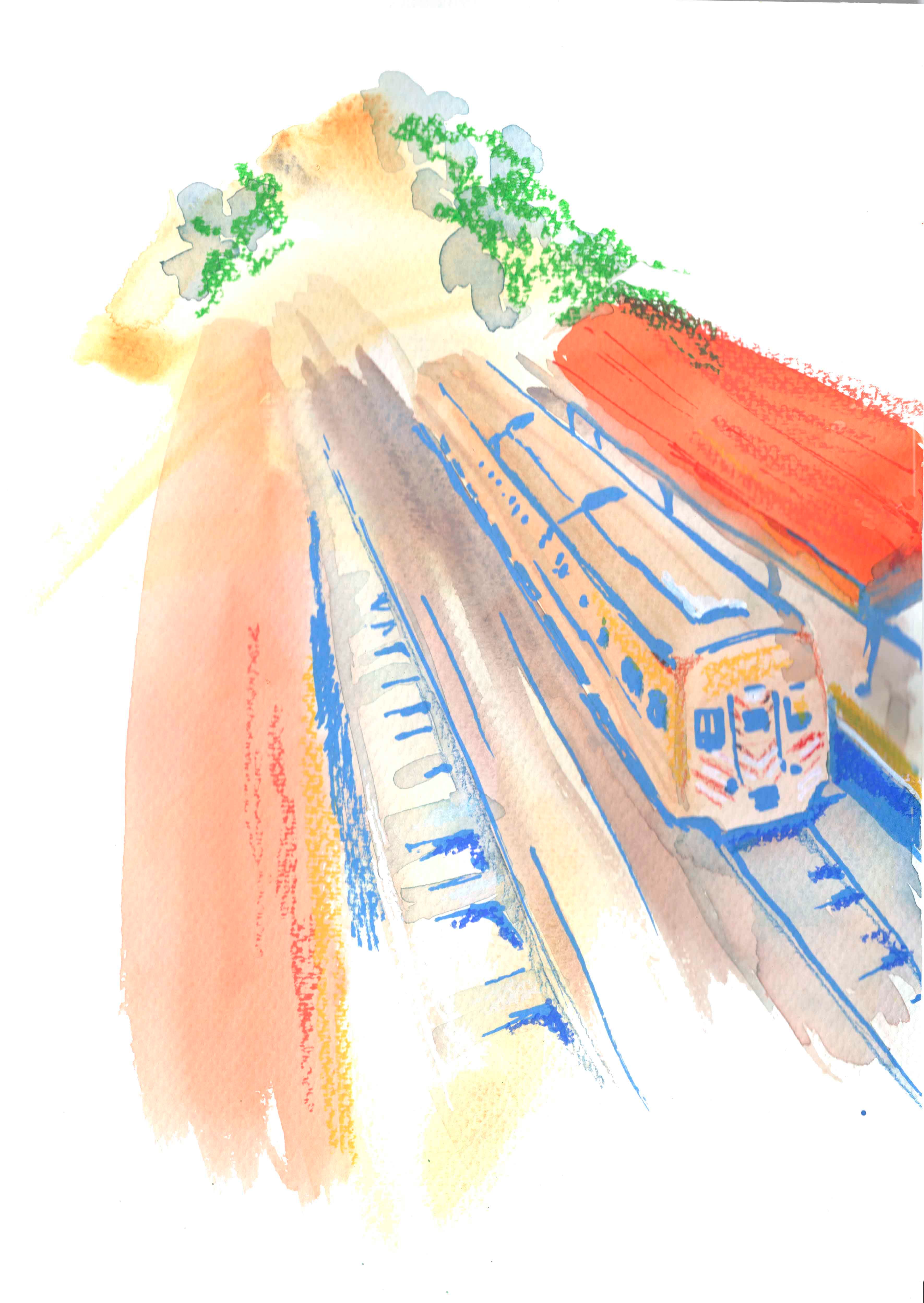 Mi Proyecto del curso: Urban sketching contemporáneo con técnicas mixtas. TREN!
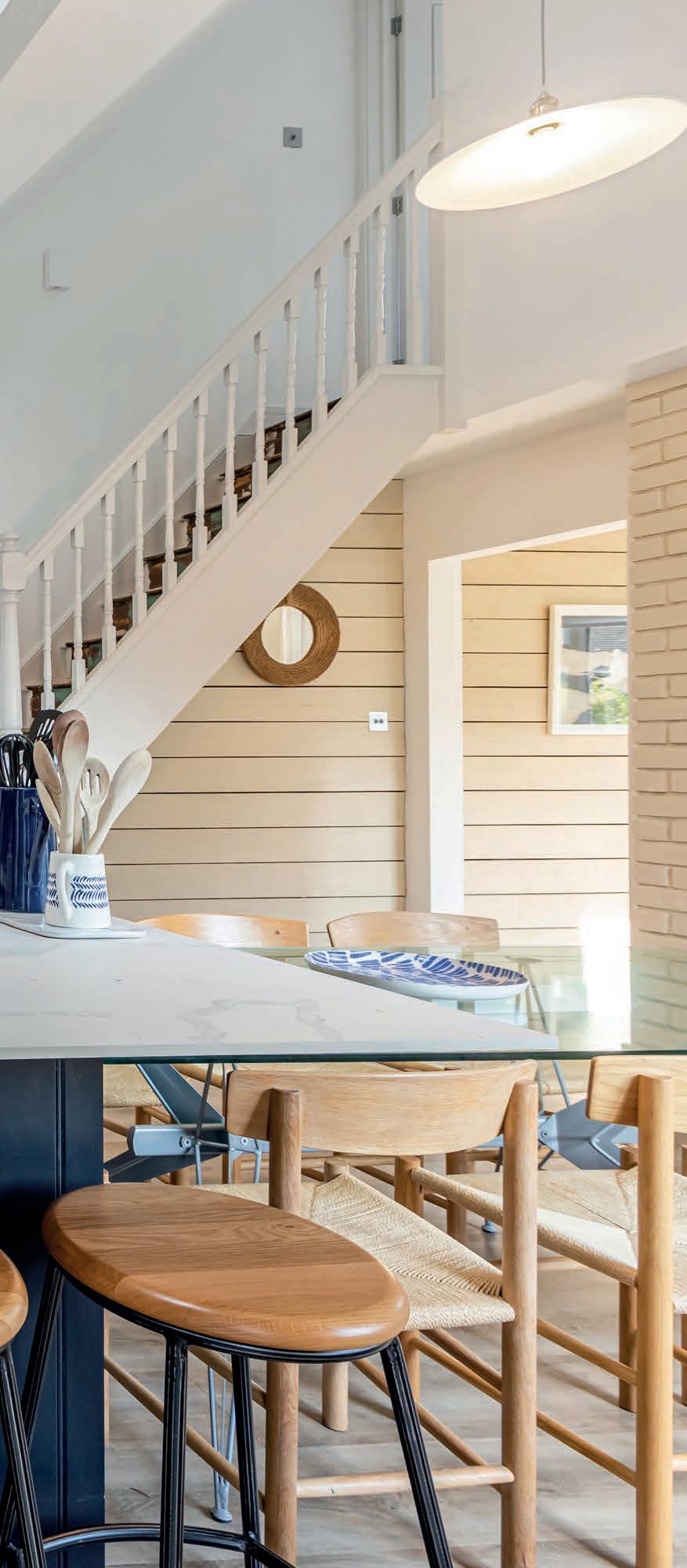 Panelled walls and a neutral colour palette accented with natural materials lends an air of New England style to this family home in Salcombe.
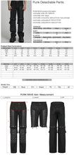 Black shiny twill denim jeans with segmentation details. Pants have detachable legs that are connected by snap buttons, and when removed, pants turn into shorts. Pants have below the knee patch pockets and eyelet webbing.
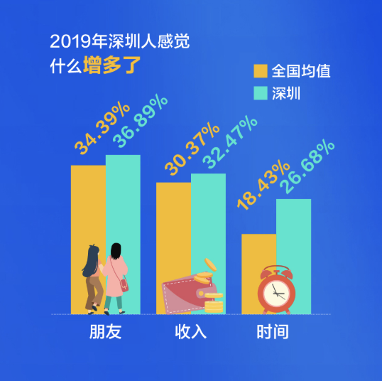 深圳人比較關(guān)注健康,不管是宅在家還是外出娛樂,他們選擇運動健身的比例都超過全國平均水平,對健康的投資,成就了又一個“苗條之城”。過去這一年,有四成的深圳人感覺自已“輕松”了,體重減少的人群比例高出全國近14個百分點。甩掉了贅肉的同時,深圳人還感覺在時間、朋友、收入這三方面的收獲在增加。尤其是時間,超出了全國均值8個百分點。
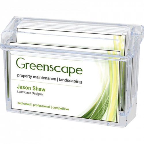 Durable, weather-resistant card holder goes anywhere. Adheres to glass or any smooth surface. Includes mounts with adhesive tape. 50-card capacity. 4-1/4"W x 1-1/2"D x 2-3/4"H. Clear.
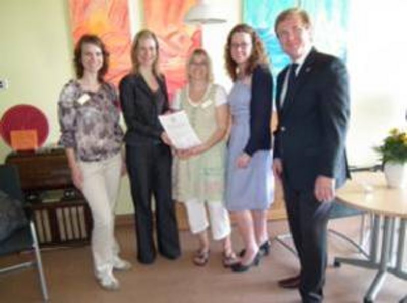 Das Qualitätssiegel "Service Qualität Deutschland" wird im Rahmen des gleichnamigen Projektes von der DEHOGA in Zusammenarbeit mit dem Institut für Management und Tourismus der Fachhochschule Heide verliehen. Simone Buuck, die die Zertifizierungsurkunde überbrachte, freute sich, das erste Mal überhaupt ein Hospiz in Schleswig-Holstein auszeichnen zu dürfen. Ziel des Projektes der Fachhochschule ist in erster Linie die nachhaltige und kontinuierliche Verbesserung der Servicequalität von Dienstleistern aller Art, u. a. auch im sozialen Bereich. Gefördert wird das Projekt vom Land, der Industrie- und Handelskammer sowie der Wirtschaftsförderungsgesellschaft Nordfriesland.
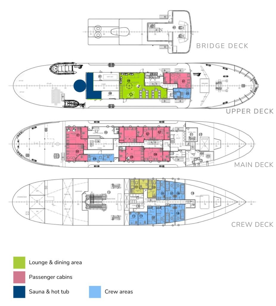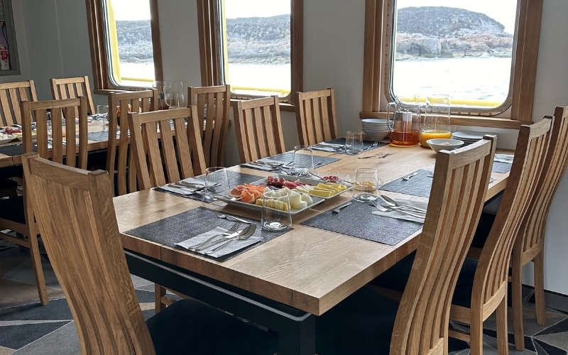The ship underwent a complete renovation in 2021, transforming it into a boutique yacht that offers unparalleled comfort and style. Guests can relax in the panoramic hot tub or enjoy the sauna while soaking in breathtaking views of the surrounding scenery. The bright and welcoming lounge serves as the heart of the ship, providing a perfect space to unwind after a day of exploration and enjoy a hearty meal.
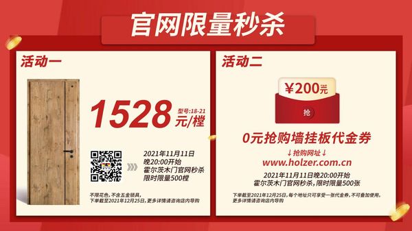 随着一年一度的双十一购物狂欢节的来临,T型门品牌霍尔茨悍然出击,以空前的钜惠力度,线上线下同时开放抢购,让利于霍尔茨忠实消费者!本次双十一霍尔茨拿出满满诚意:2021年11月11日晚20点,霍尔茨木门官网(www.holzer.com.cn)将开启1528元/樘的劲爆抢购,限时限量秒杀500樘T型门18-21(不限花色,不含五金件),同一时间开启0元抢购200元墙挂板代金券,全场限量500张,多种组合优惠叠加,购置霍尔茨产品价格便可优惠再优惠,享受惊艳福利。
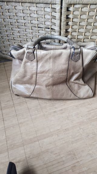 Bolso de piel beige de Bimba y Lola. Sin apenas uso. Ancho 35 Alto 30 Fondo en la base 13 aprox.

===============

_Prompt_. From the opening line of the entries, copy each line exactly until the line with "Black shiny twill", which is copied as well; leave out pictures.

_Response_.
 Mi Proyecto del curso: Urban sketching contemporáneo con técnicas mixtas. TREN!
 Panelled walls and a neutral colour palette accented with natural materials lends an air of New England style to this family home in Salcombe.
 Black shiny twill denim jeans with segmentation details. Pants have detachable legs that are connected by snap buttons, and when removed, pants turn into shorts. Pants have below the knee patch pockets and eyelet webbing.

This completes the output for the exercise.